Thursday 11 December 2014

@DineshAllirajah

To lose a friend or a family member feels beyond devastation. To lose a teacher feels beyond comprehension.

To say that I learned how to write over the past four years is inaccurate. I knew how to write. I simply didn’t know that I knew. Dinesh Allirajah didn’t tell me I could write. He showed me. He gave me weekly gifts of Hemingway and  Chekov and Chopin. He showed me that stories aren’t hugely involved epics with tragedy and love and burning buildings. He showed me how one word can say more than a paragraph. How each character has their individual right to be heard. He gave me confidence to write as myself. To be heard as myself. He showed me I can write. In person he laughed at my clumsy attempts at titles and my affinity for the word ‘fuck’. He made me read aloud every week. Despite my protests. He made me listen to others’ criticisms. Often inane. He made me have an opinion. Often inane. We exchanged little in personal words. But enough in mutual respect. For a few hours for a few weeks for a few years I absorbed what I could of his enthusiasm. His knowledge. His belief in my ability. This was his most valuable gift to me.

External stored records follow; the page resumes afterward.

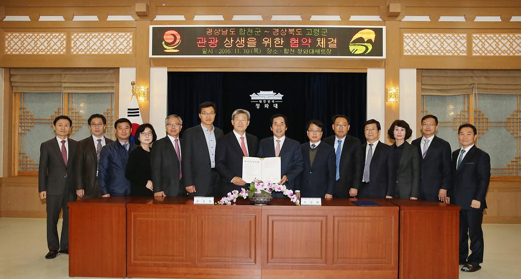 합천군(군수 하창환)은 10일 합천 청와대세트장에서 고령군(군수 곽용환)과 ‘관광 상생을 위한 협약’을 체결했다.
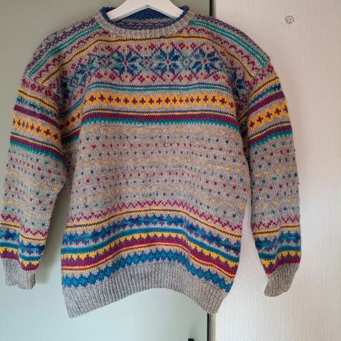 Selger ein nydeleg håndstrikka genser i ull🌟. Smal og str. S, strikka til tenåringsjente /ungdom på 80-tallet. Pent brukt, selges for kr 700 🌺.
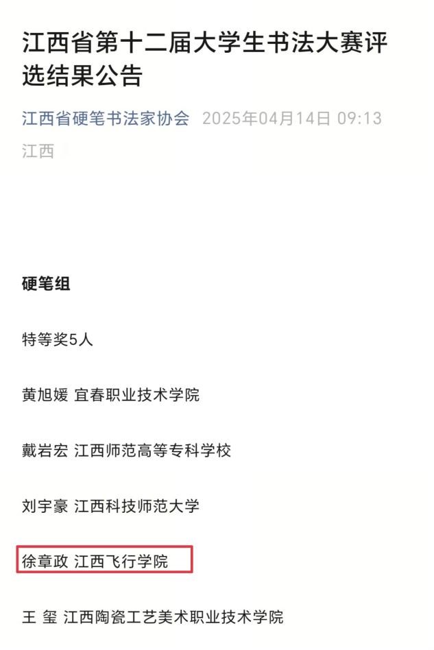 近日,江西省硬笔书法家协会公布了第十二届大学生书法大赛获奖结果。我校书法协会会员、航空机电工程学院2024级徐章政同学凭借硬笔书法作品《好了歌注》荣获特等奖。

I said in my overly sappy introduction that to lose a teacher feels beyond comprehension. I offer no apology for my choice of words. I simply do not know how to mourn my teacher.
So why am I writing this? Why share my confusion and my misery in a public display of clipped syllables? Because this is what I have learned. Because spoken words are transient. Because anything less than permanence would feel a damned disservice.